### RECORDS TO PROCESS
%%
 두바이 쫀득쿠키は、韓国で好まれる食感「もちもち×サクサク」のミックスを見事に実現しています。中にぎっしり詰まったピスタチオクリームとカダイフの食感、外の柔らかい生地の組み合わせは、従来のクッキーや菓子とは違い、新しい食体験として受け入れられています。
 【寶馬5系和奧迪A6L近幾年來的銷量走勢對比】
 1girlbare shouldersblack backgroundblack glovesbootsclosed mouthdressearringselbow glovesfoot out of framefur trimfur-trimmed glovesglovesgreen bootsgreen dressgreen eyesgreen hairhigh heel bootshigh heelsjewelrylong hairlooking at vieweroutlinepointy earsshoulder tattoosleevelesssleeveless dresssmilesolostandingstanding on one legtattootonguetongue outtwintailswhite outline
%%
%%
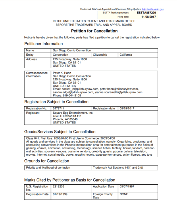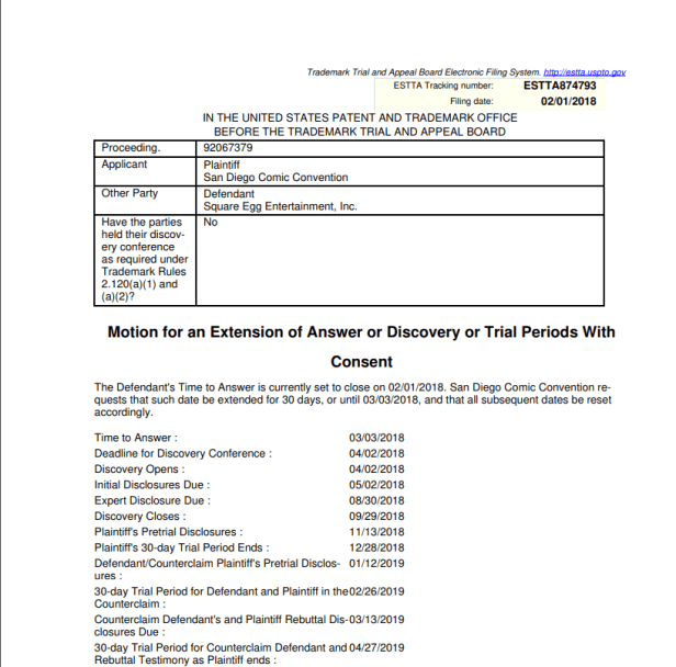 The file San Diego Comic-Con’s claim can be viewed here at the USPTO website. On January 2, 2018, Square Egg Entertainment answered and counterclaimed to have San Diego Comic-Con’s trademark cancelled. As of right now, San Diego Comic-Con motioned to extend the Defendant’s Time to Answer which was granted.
%%
### WHAT IS BEING ASKED
In the entries above, find the line with "두바이 쫀득쿠키は、韓国で好" and the line with "1girlbare shouldersblack backgroundblack", then set down exactly those two and every line between them, nothing else.

### RESPONSE
 두바이 쫀득쿠키は、韓国で好まれる食感「もちもち×サクサク」のミックスを見事に実現しています。中にぎっしり詰まったピスタチオクリームとカダイフの食感、外の柔らかい生地の組み合わせは、従来のクッキーや菓子とは違い、新しい食体験として受け入れられています。
 【寶馬5系和奧迪A6L近幾年來的銷量走勢對比】
 1girlbare shouldersblack backgroundblack glovesbootsclosed mouthdressearringselbow glovesfoot out of framefur trimfur-trimmed glovesglovesgreen bootsgreen dressgreen eyesgreen hairhigh heel bootshigh heelsjewelrylong hairlooking at vieweroutlinepointy earsshoulder tattoosleevelesssleeveless dresssmilesolostandingstanding on one legtattootonguetongue outtwintailswhite outline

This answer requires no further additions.